Psoriasis is one of the most common chronic inflammatory skin conditions that can also spread to the joints. Triggers of the disease, which usually first appears in adulthood, include stress and UV radiation. However, individuals can also be genetically predisposed to developing psoriasis. It is estimated that between 100 and 125 million people worldwide are affected by the condition; of these, at least a quarter now have some form of psoriatic arthritis which may derive from unappropriately treated forms or additional factors linked to lifestyle or genetic contribution. In a study, a few years ago a research team from MedUni Vienna discovered a key starting point for inhibiting inflammation in both psoriasis and psoriatic arthritis. The researchers’ findings may form the basis for the development of new therapeutic, diagnostic and prevention strategies. The study, conducted by the research team led by Erwin Wagner from the Department of Dermatology and Department of Laboratory Medicine, focused on the protein S100A9.

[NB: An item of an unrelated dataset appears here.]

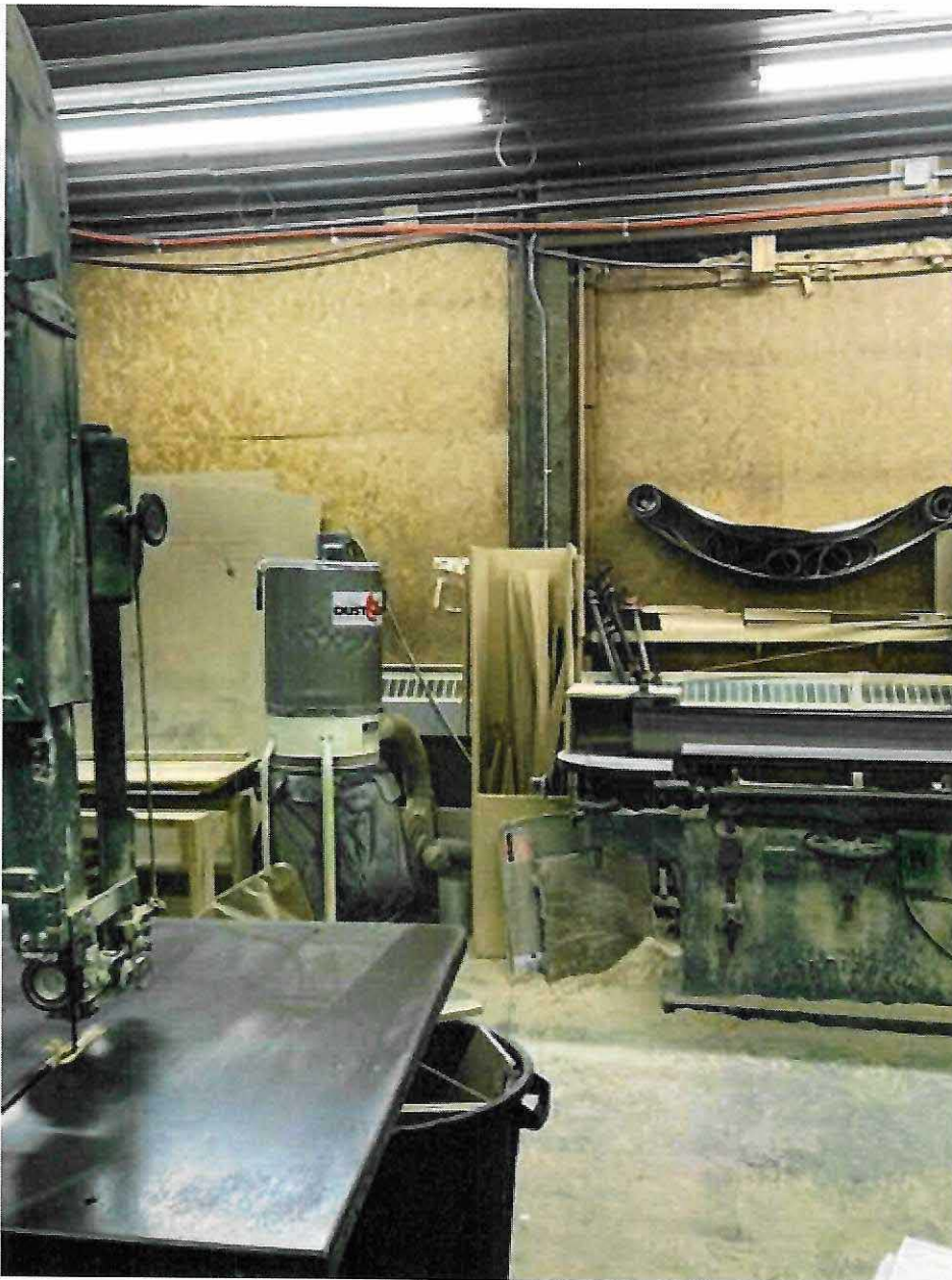
Photo Description: Wood finishing machine attached to a baghouse venting only indoors.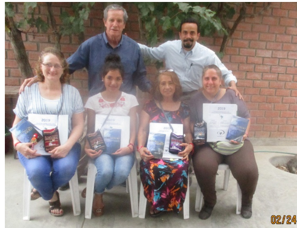
YWAM Ica DTS class gets underway

Activation of S100A9 in skin and immune cells has previously been identified as a risk factor for the development of psoriasis and/or RAPS. Similarly, S100A7 (psoriasis), S100A8 (calgranulin C), S100A9, and A12 are protein complexes produced by activated neutrophils, monocytes, and keratinocytes in psoriasis. In skin, the antimicrobial proteins psoriasin and koebnerisin (S100A15) are overexpressed in the epidermis of psoriatic lesions and mediate inflammation by attracting immune cells. Multiple S100 proteins bind TLR4 and RAGE. The ectodomain of RAGE is composed of three immunoglobulin domains, and several S100 proteins can bind each domain. Since multiple S100 proteins are typically associated with specific pathologies (e.g., S100A8/S100A9, S100A4 and S100B elevated in the serum of patients with ARE), this raises the question of whether distinct S100 proteins may elicit differential signaling responses via interactions with the same surface receptors.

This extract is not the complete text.